• Dataset extract
-=-=-=-=-

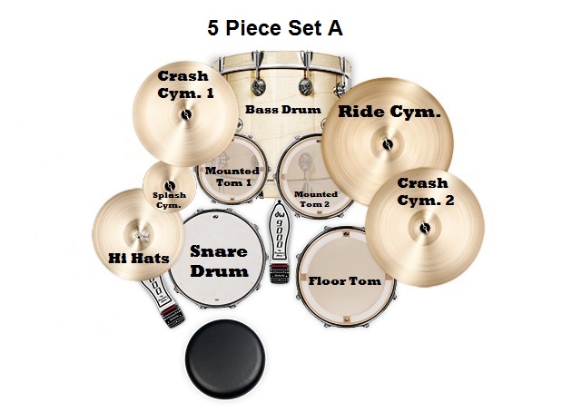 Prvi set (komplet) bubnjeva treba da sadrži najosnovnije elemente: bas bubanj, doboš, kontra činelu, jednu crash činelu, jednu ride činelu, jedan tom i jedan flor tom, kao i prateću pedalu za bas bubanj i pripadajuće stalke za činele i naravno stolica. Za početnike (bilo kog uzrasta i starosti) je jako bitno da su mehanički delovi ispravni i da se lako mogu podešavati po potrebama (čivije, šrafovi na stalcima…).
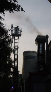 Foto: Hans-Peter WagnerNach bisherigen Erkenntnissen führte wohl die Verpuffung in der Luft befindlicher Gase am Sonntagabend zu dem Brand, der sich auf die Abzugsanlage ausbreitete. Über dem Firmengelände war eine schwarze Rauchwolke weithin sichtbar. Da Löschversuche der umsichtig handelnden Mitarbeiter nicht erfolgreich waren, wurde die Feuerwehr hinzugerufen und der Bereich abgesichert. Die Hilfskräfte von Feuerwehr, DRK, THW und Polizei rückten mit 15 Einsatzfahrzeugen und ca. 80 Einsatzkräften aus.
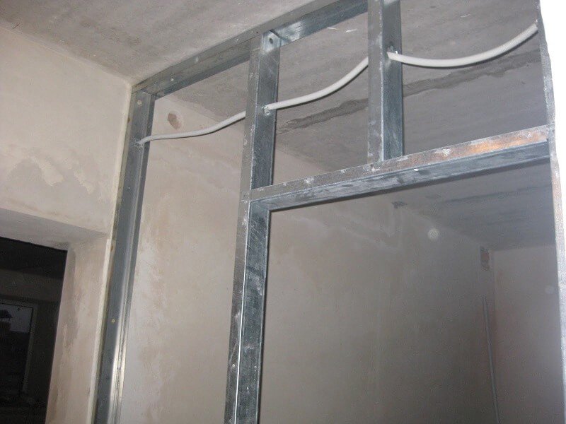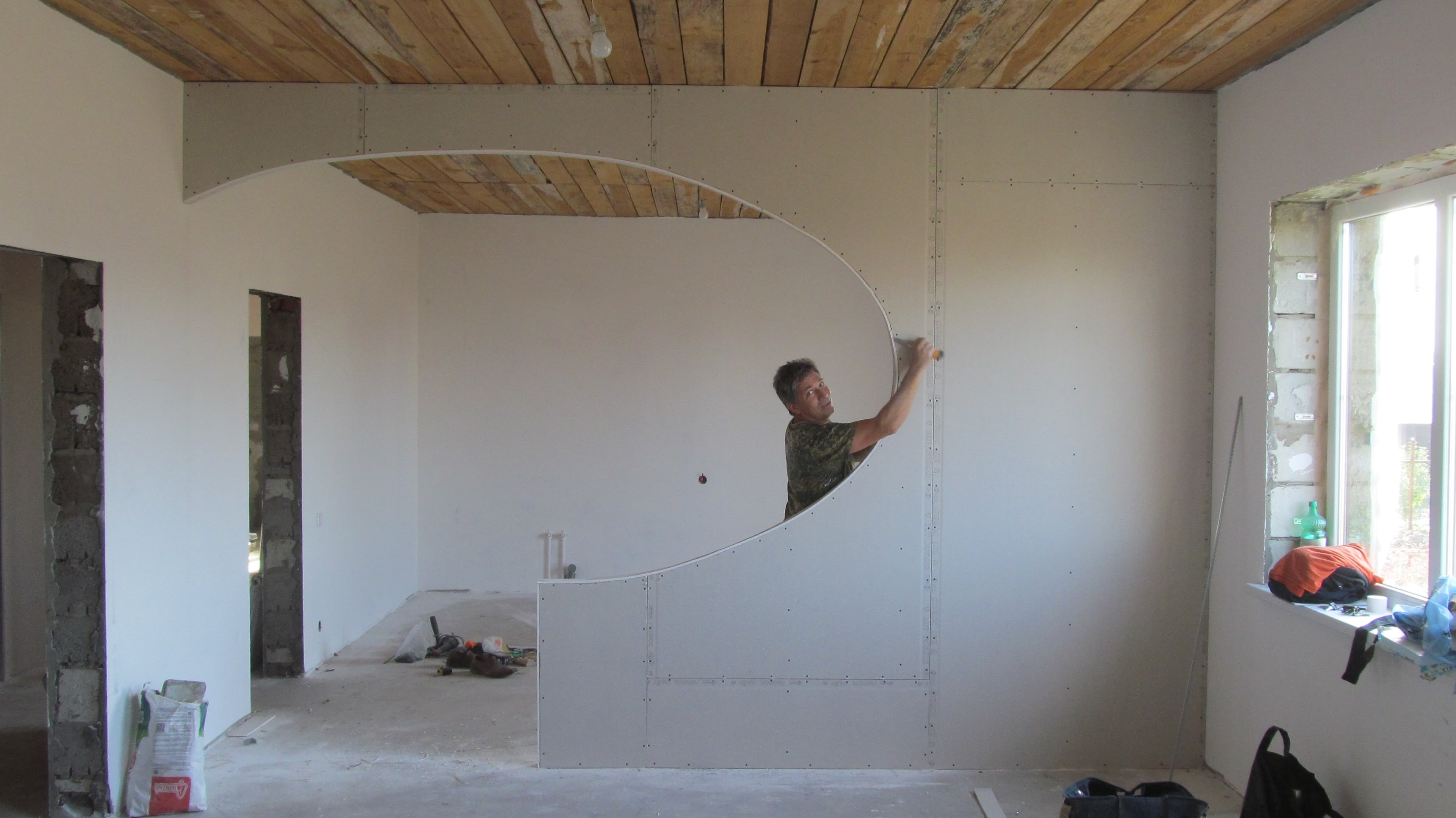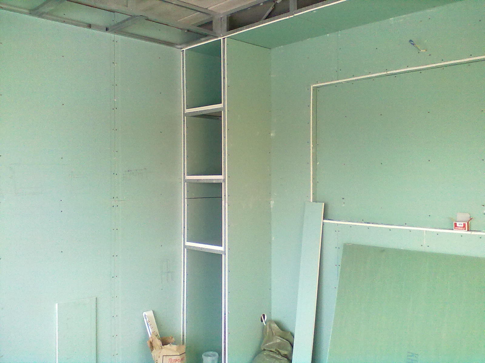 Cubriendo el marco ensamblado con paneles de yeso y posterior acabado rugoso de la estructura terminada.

-=-=-=-=-

• Task description
Except for the pictures, the whole listing above should be transcribed exactly.

• Exercise output
 Prvi set (komplet) bubnjeva treba da sadrži najosnovnije elemente: bas bubanj, doboš, kontra činelu, jednu crash činelu, jednu ride činelu, jedan tom i jedan flor tom, kao i prateću pedalu za bas bubanj i pripadajuće stalke za činele i naravno stolica. Za početnike (bilo kog uzrasta i starosti) je jako bitno da su mehanički delovi ispravni i da se lako mogu podešavati po potrebama (čivije, šrafovi na stalcima…).
 Foto: Hans-Peter WagnerNach bisherigen Erkenntnissen führte wohl die Verpuffung in der Luft befindlicher Gase am Sonntagabend zu dem Brand, der sich auf die Abzugsanlage ausbreitete. Über dem Firmengelände war eine schwarze Rauchwolke weithin sichtbar. Da Löschversuche der umsichtig handelnden Mitarbeiter nicht erfolgreich waren, wurde die Feuerwehr hinzugerufen und der Bereich abgesichert. Die Hilfskräfte von Feuerwehr, DRK, THW und Polizei rückten mit 15 Einsatzfahrzeugen und ca. 80 Einsatzkräften aus.
 Cubriendo el marco ensamblado con paneles de yeso y posterior acabado rugoso de la estructura terminada.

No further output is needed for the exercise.